__Problem details__:
Please begin with the line containing "無獨有偶,今年8月,蘇州金龍" and reproduce each line exactly until the records below end, without any pictures.

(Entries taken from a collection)
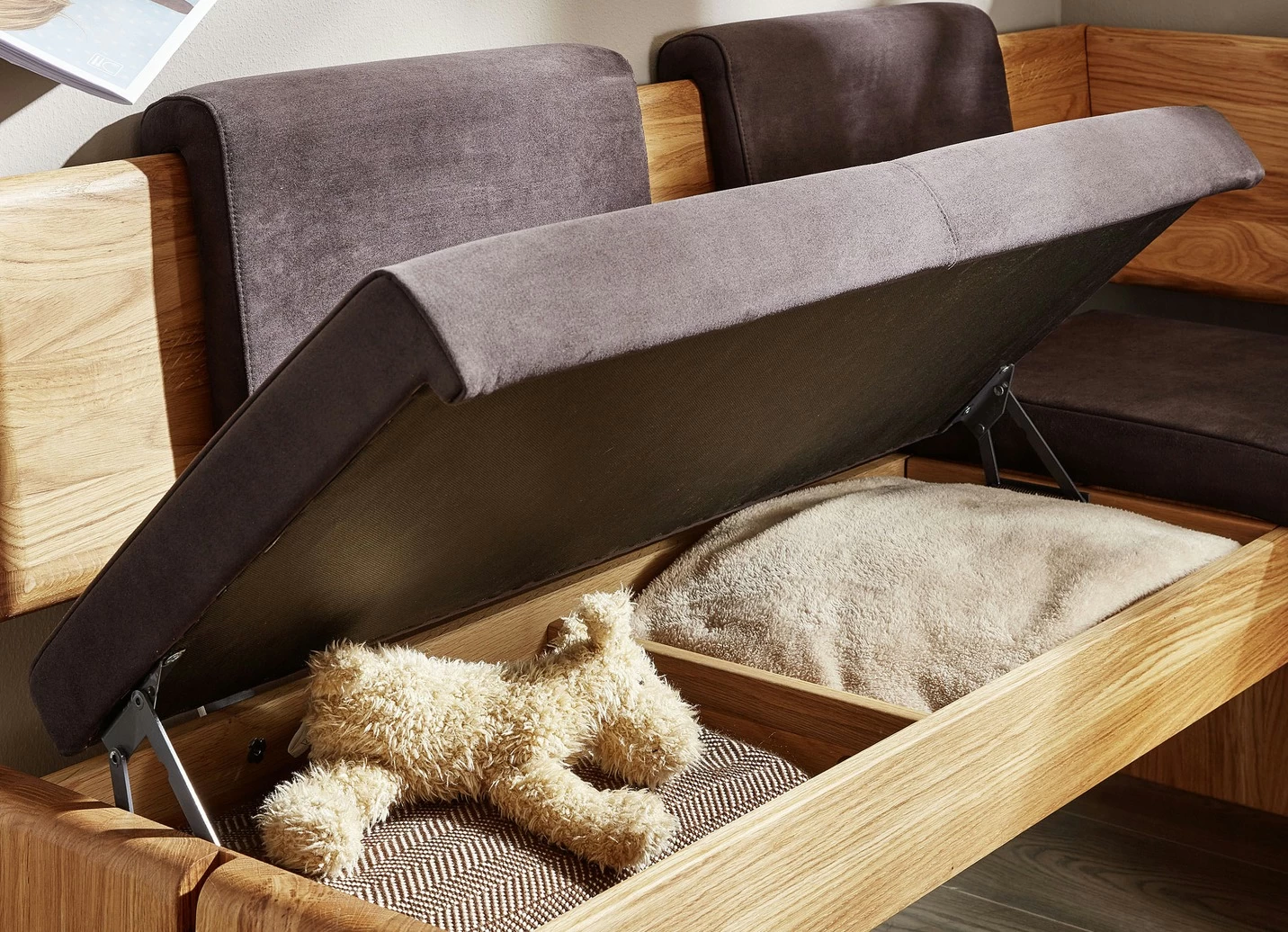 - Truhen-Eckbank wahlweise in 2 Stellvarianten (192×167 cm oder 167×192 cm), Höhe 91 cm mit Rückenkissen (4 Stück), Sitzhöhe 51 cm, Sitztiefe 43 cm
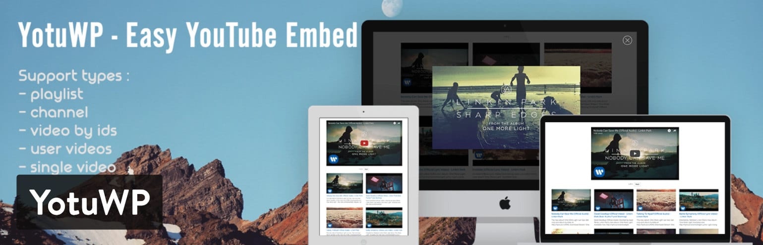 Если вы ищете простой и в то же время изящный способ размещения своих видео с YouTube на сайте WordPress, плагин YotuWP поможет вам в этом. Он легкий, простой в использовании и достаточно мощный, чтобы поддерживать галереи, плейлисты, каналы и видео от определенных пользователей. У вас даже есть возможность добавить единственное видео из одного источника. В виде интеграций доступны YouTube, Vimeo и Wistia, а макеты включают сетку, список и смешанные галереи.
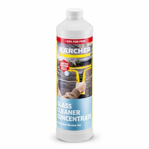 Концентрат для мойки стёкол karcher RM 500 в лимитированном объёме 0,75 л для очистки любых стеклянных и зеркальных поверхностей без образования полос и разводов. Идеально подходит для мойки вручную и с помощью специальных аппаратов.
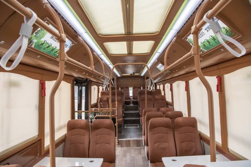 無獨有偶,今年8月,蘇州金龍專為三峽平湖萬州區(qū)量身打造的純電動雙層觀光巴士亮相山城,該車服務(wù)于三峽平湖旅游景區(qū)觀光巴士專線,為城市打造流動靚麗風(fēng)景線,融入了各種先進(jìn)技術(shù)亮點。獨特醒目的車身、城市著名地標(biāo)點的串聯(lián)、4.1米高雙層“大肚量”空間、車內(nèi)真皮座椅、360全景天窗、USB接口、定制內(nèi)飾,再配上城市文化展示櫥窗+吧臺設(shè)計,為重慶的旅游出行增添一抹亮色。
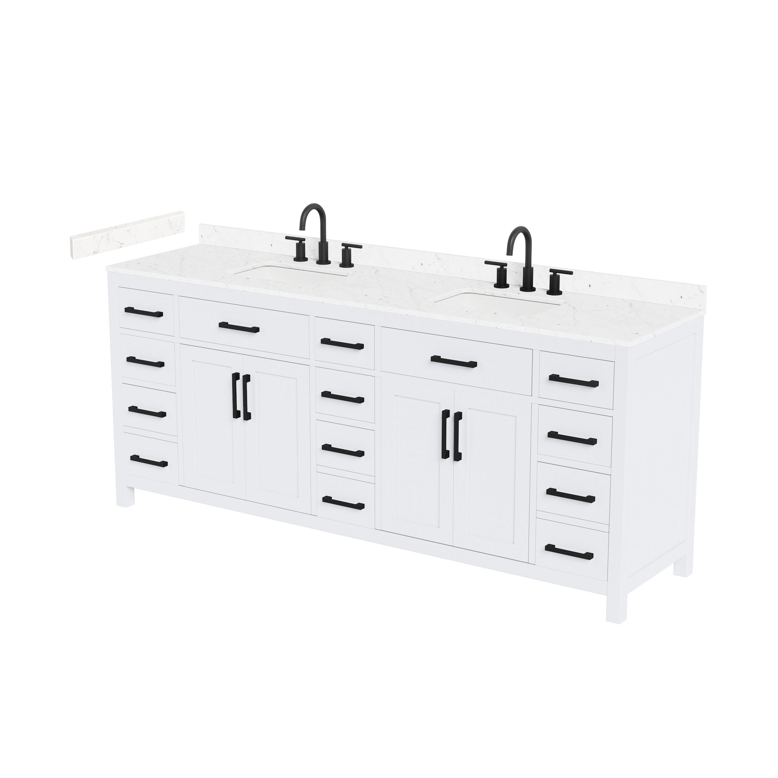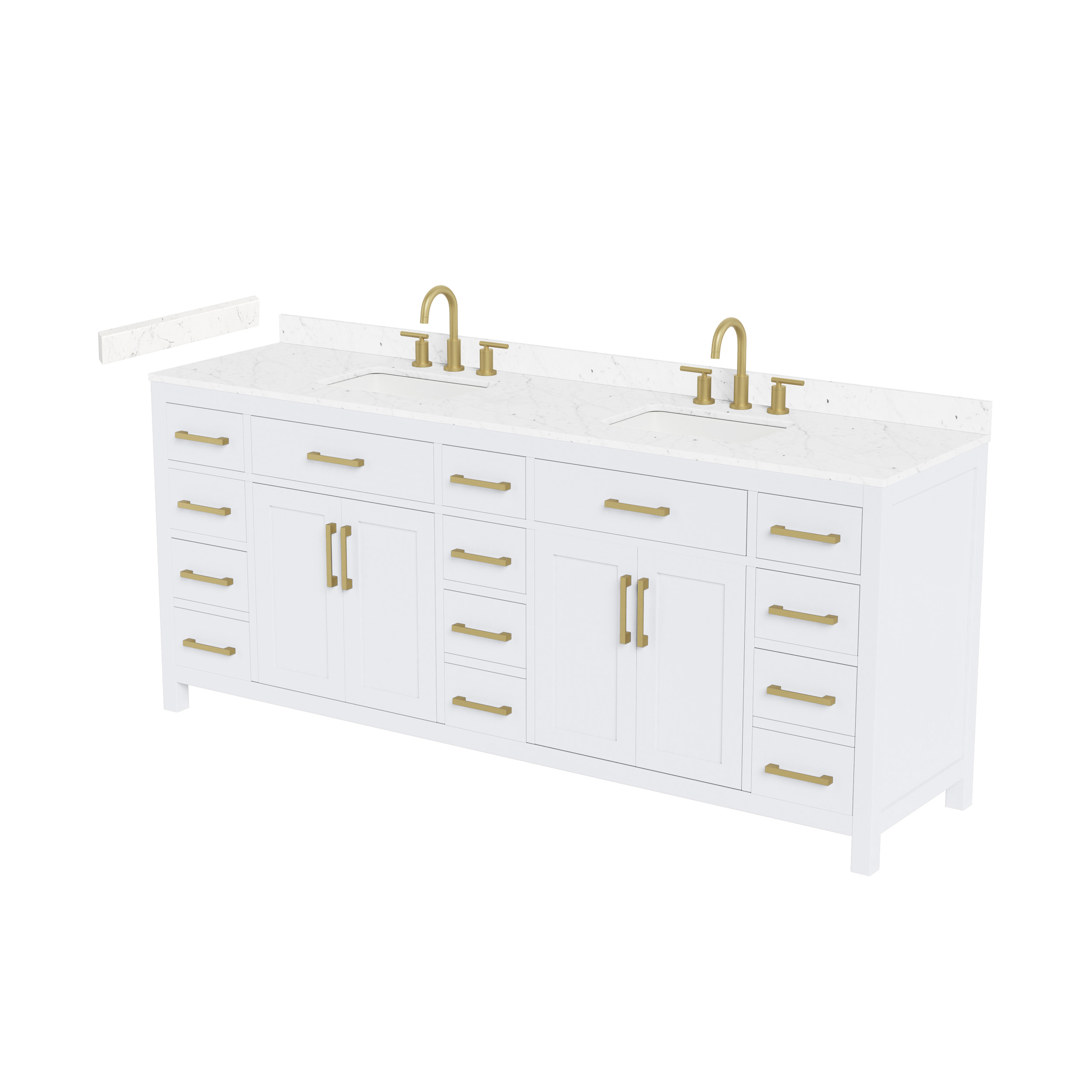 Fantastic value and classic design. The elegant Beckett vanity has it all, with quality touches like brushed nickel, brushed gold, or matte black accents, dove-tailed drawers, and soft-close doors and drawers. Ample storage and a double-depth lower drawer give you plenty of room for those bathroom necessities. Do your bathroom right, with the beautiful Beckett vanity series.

__Completed task__:
 無獨有偶,今年8月,蘇州金龍專為三峽平湖萬州區(qū)量身打造的純電動雙層觀光巴士亮相山城,該車服務(wù)于三峽平湖旅游景區(qū)觀光巴士專線,為城市打造流動靚麗風(fēng)景線,融入了各種先進(jìn)技術(shù)亮點。獨特醒目的車身、城市著名地標(biāo)點的串聯(lián)、4.1米高雙層“大肚量”空間、車內(nèi)真皮座椅、360全景天窗、USB接口、定制內(nèi)飾,再配上城市文化展示櫥窗+吧臺設(shè)計,為重慶的旅游出行增添一抹亮色。
 Fantastic value and classic design. The elegant Beckett vanity has it all, with quality touches like brushed nickel, brushed gold, or matte black accents, dove-tailed drawers, and soft-close doors and drawers. Ample storage and a double-depth lower drawer give you plenty of room for those bathroom necessities. Do your bathroom right, with the beautiful Beckett vanity series.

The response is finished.